Sunnydiary · 28/07/2024 17:03

You seem fixated on WHY he treats you so badly.

It’s because he has zero respect for you and basically doesn’t give a shit about you or your feelings. Your purpose is to meet his needs and do it as quietly as possible.

Are the children his? Do you have to take him on holiday with you?

Rainbow03 · 28/07/2024 17:58

@Sunnydiary pretty much what his mum has said. I think he has the same idea but it’s not been obvious until now. I’m not here to serve anyone’s needs but my children.

OP posts:
chocobaby · 28/07/2024 18:30

Rainbow03 · 27/07/2024 12:21

I think my feelings get in the way for him. He doesn’t see why I have them and they aren’t the same as his. He wants to do what he wants and I get in his way. It is becoming a massive problem in the relationship. I sometimes feel like I’m stupid for feeling the way I do.

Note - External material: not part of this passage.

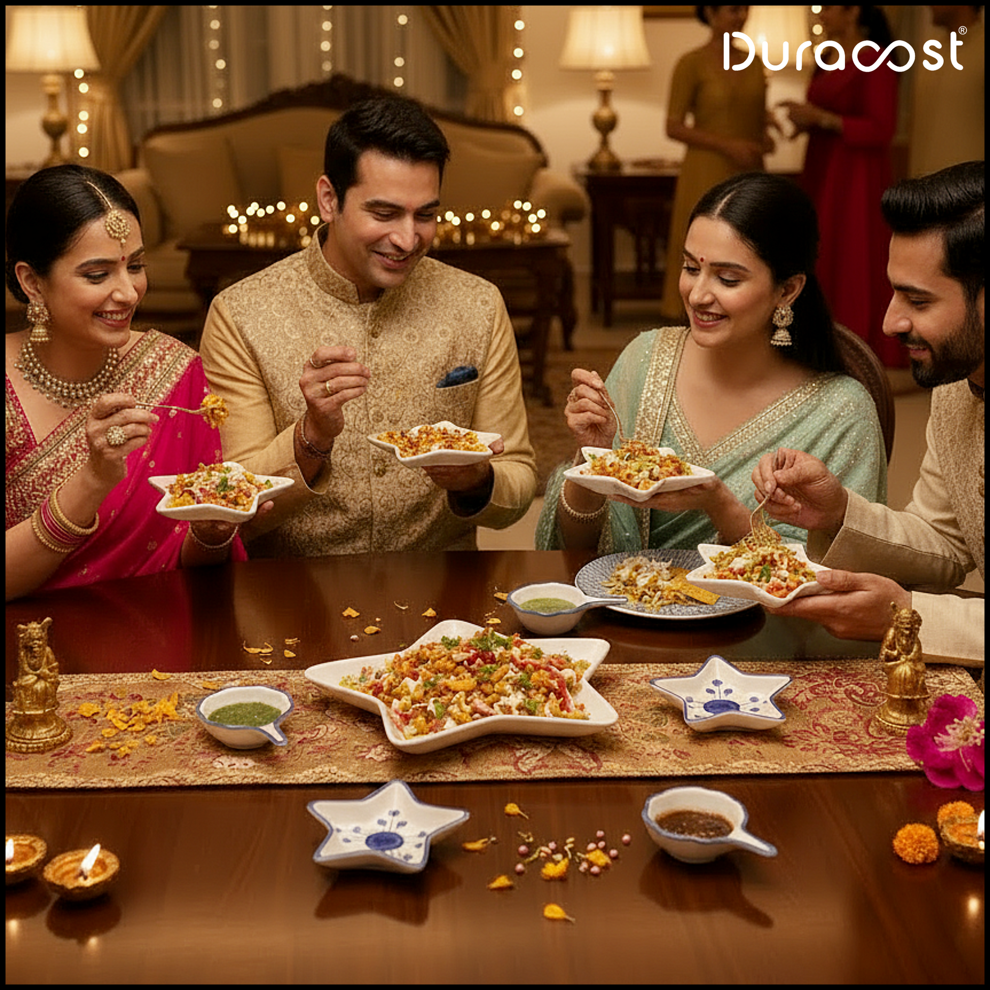 Turn your snack time into a starry delight with the DuraCast® ChaatStar – a 7-piece ceramic serving set designed for authentic Indian snacking experiences.
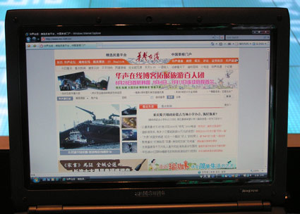 在韓國(guó)首爾三星公司多媒體中心瀏覽華聲在線首頁(yè)

And yet you ask ‘is it really that bad?’ Then blame his autism for his being an A-hole.
you don’t have to put up with it, you choose to.
you have seen his mum’s behavior. The fact that it continues to bother you should tell you that this could be your life until you choose different!

Rainbow03 · 28/07/2024 21:30

I certainty see him in a different light now and don’t think I can’t unsee it. I really thought he was just sweet and ND. I am too accepting because I know the struggles sometimes but I’ve never been like that.

OP posts:
ForZanyAquaViewer · 27/01/2025 19:31

Did you ask him to leave @Rainbow03?